Requirement:
Scan the listing beneath this sentence. Report each line with the word "also".

Data:

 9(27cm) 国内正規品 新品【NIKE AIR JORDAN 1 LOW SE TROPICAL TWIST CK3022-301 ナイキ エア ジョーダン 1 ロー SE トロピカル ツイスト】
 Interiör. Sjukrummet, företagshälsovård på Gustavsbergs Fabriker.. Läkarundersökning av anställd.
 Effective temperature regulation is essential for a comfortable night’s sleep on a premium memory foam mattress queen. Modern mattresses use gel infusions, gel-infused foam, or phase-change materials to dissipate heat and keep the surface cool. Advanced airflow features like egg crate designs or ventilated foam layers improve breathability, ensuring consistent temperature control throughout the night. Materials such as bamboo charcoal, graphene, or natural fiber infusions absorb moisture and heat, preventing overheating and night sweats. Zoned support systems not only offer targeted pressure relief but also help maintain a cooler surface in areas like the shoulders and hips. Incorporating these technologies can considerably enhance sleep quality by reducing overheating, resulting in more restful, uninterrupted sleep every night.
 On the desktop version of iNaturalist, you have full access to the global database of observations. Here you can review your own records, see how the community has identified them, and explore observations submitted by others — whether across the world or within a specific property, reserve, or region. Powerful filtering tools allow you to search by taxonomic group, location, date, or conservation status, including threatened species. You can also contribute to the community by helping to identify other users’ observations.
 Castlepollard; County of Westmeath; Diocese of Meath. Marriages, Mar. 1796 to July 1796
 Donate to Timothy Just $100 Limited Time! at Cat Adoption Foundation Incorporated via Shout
--
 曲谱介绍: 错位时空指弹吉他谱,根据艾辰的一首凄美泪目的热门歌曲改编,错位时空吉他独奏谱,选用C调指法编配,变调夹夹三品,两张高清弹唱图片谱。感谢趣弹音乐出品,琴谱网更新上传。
==
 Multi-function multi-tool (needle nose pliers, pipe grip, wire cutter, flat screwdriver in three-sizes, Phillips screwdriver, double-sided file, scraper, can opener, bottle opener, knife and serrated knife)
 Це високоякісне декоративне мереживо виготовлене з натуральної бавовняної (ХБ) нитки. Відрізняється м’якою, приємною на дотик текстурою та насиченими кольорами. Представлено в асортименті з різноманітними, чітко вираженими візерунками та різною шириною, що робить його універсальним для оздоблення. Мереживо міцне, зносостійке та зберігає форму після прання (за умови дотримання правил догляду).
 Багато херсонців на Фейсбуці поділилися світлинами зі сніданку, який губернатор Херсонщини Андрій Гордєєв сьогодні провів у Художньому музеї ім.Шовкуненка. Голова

Written answer:
 Effective temperature regulation is essential for a comfortable night’s sleep on a premium memory foam mattress queen. Modern mattresses use gel infusions, gel-infused foam, or phase-change materials to dissipate heat and keep the surface cool. Advanced airflow features like egg crate designs or ventilated foam layers improve breathability, ensuring consistent temperature control throughout the night. Materials such as bamboo charcoal, graphene, or natural fiber infusions absorb moisture and heat, preventing overheating and night sweats. Zoned support systems not only offer targeted pressure relief but also help maintain a cooler surface in areas like the shoulders and hips. Incorporating these technologies can considerably enhance sleep quality by reducing overheating, resulting in more restful, uninterrupted sleep every night.
 On the desktop version of iNaturalist, you have full access to the global database of observations. Here you can review your own records, see how the community has identified them, and explore observations submitted by others — whether across the world or within a specific property, reserve, or region. Powerful filtering tools allow you to search by taxonomic group, location, date, or conservation status, including threatened species. You can also contribute to the community by helping to identify other users’ observations.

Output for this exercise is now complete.